An inverted index maps terms to the documents containing them, enabling fast full-text search. Instead of scanning every document, you look up the term and get all matching documents instantly. This is the foundation of search engines like Elasticsearch, Solr, and Lucene.


The Problem Inverted Indexes Solve

Forward Index (Traditional Database)

Document → Terms

┌─────────────────────────────────────────────────────────────┐
│ Doc1: "The quick brown fox jumps over the lazy dog"        │
│ Doc2: "The quick brown dog runs in the park"               │
│ Doc3: "A lazy cat sleeps on the couch"                     │
└─────────────────────────────────────────────────────────────┘

Query: Find documents containing "lazy"

Process:
1. Scan Doc1: "The quick brown fox..." → Contains "lazy"? YES
2. Scan Doc2: "The quick brown dog..." → Contains "lazy"? NO
3. Scan Doc3: "A lazy cat sleeps..."   → Contains "lazy"? YES

Time complexity: O(N × M) where N = documents, M = avg document length
For 1 billion documents: SLOW

Inverted Index (Search Engine)

Term → Documents

┌─────────────────────────────────────────────────────────────┐
│ "lazy"  → [Doc1, Doc3]                                      │
│ "quick" → [Doc1, Doc2]                                      │
│ "brown" → [Doc1, Doc2]                                      │
│ "dog"   → [Doc1, Doc2]                                      │
│ "cat"   → [Doc3]                                            │
│ "fox"   → [Doc1]                                            │
│ ...                                                         │
└─────────────────────────────────────────────────────────────┘

Query: Find documents containing "lazy"

Process:
1. Look up "lazy" in index → [Doc1, Doc3]

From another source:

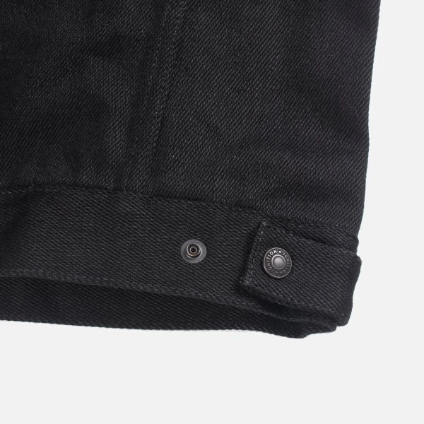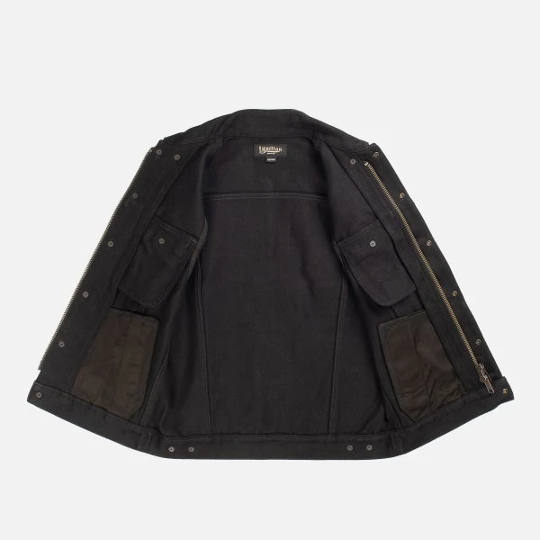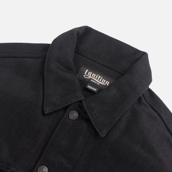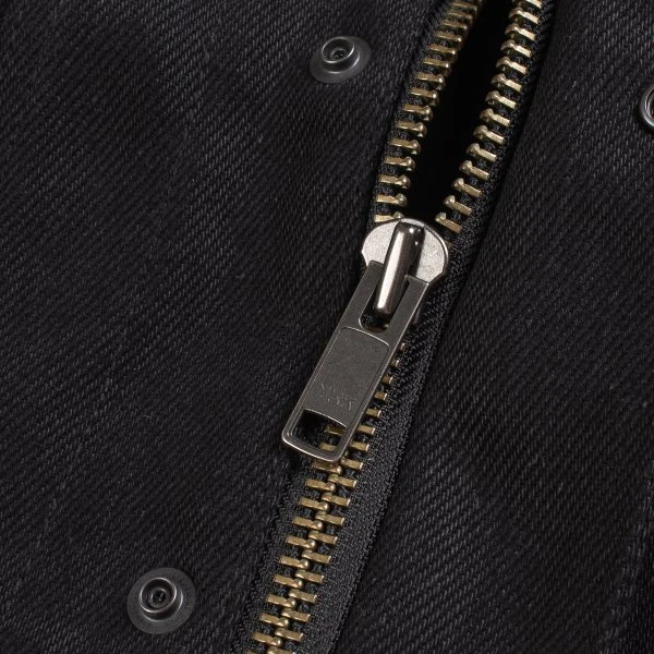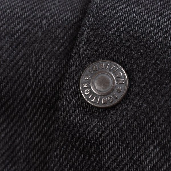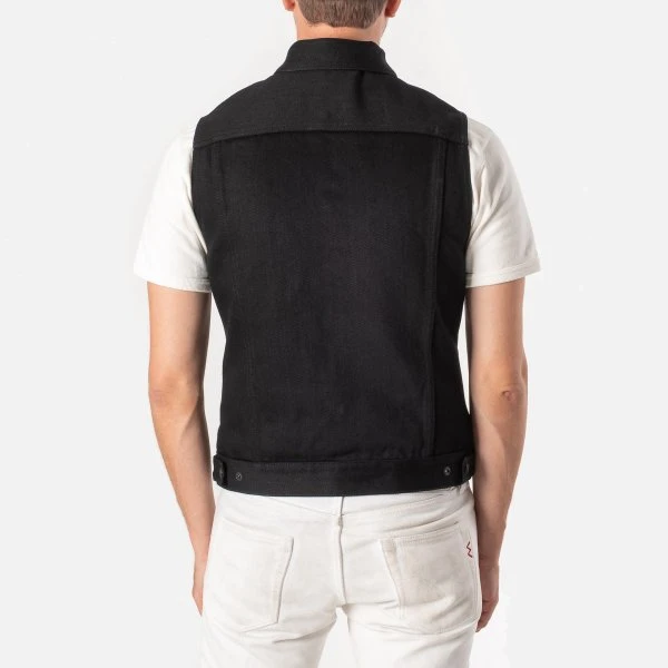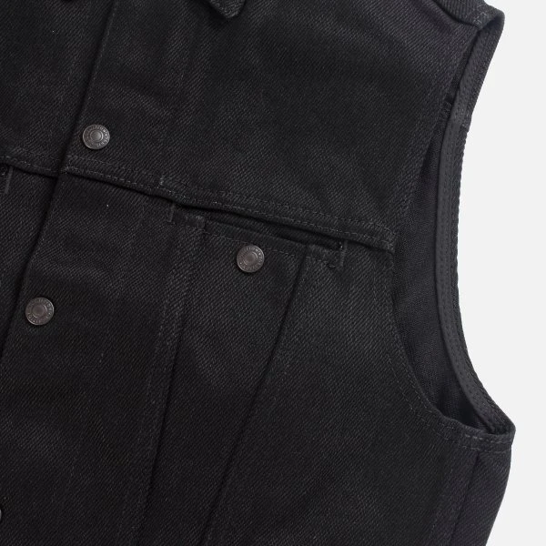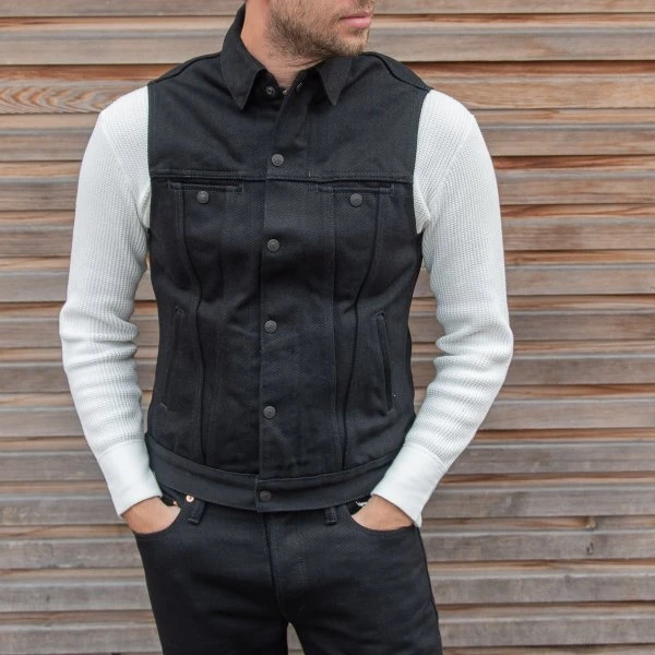 20oz Japanese denim Tracker vest by Ignition Works (Works Inc and Ken’s Factory USA collaboration). Designed for the track with the bike rider in mind, with four external pockets, two internal pockets, a two-way zip front placket with snap closures, and a snap-down collar. The warp is black rope dyed and the weft is black cone (cheese) dyed. Over time this denim will fade to grey.

Time complexity: O(1) lookup + O(k) where k = matching documents
For 1 billion documents: FAST

Index Structure

Basic Inverted Index

┌─────────────────────────────────────────────────────────────────┐
│                      INVERTED INDEX                              │
│                                                                 │
│  ┌─────────────┐     ┌──────────────────────────────────────┐  │
│  │  Dictionary │     │           Postings Lists             │  │
│  │   (Terms)   │     │                                      │  │
│  ├─────────────┤     ├──────────────────────────────────────┤  │
│  │ "apple"   ──┼────►│ [1, 5, 23, 45, 67, 89, ...]         │  │
│  │ "banana"  ──┼────►│ [2, 34, 56, 78, ...]                │  │
│  │ "cherry"  ──┼────►│ [3, 12, 45, ...]                    │  │
│  │ "date"    ──┼────►│ [7, 89, 234, ...]                   │  │
│  │ ...         │     │                                      │  │
│  └─────────────┘     └──────────────────────────────────────┘  │
│                                                                 │
│  Dictionary: B-tree or Hash table for O(1) or O(log n) lookup  │
│  Postings: Sorted document IDs for efficient intersection      │
└─────────────────────────────────────────────────────────────────┘

Enhanced Postings List

Term: "search"

Simple posting: [1, 5, 23, 45]

Enhanced posting with positions (for phrase queries):
[
  (doc_id=1, positions=[5, 23, 89]),      # "search" appears at word 5, 23, 89
  (doc_id=5, positions=[12]),
  (doc_id=23, positions=[1, 45, 67]),
  (doc_id=45, positions=[33])
]

Enhanced posting with term frequency (for relevance scoring):
[
  (doc_id=1, tf=3, positions=[5, 23, 89]),
  (doc_id=5, tf=1, positions=[12]),
  (doc_id=23, tf=3, positions=[1, 45, 67]),
  (doc_id=45, tf=1, positions=[33])
]

Index Construction

Basic Algorithm

python
from collections import defaultdict
import re

class InvertedIndex:
    def __init__(self):
        self.index = defaultdict(list)
        self.documents = {}
    
    def add_document(self, doc_id, text):
        # Store original document
        self.documents[doc_id] = text
        
        # Tokenize
        tokens = self.tokenize(text)
        
        # Build index
        for position, token in enumerate(tokens):
            # Normalize
            term = self.normalize(token)
            
            # Add to postings list
            self.index[term].append({
                'doc_id': doc_id,
                'position': position
            })
    
    def tokenize(self, text):
        """Split text into tokens"""
        return re.findall(r'\b\w+\b', text.lower())
    
    def normalize(self, token):
        """Normalize token (lowercase, stem, etc.)"""
        return token.lower()
    
    def search(self, query):
        """Search for documents containing query term"""
        term = self.normalize(query)
        postings = self.index.get(term, [])
        return [p['doc_id'] for p in postings]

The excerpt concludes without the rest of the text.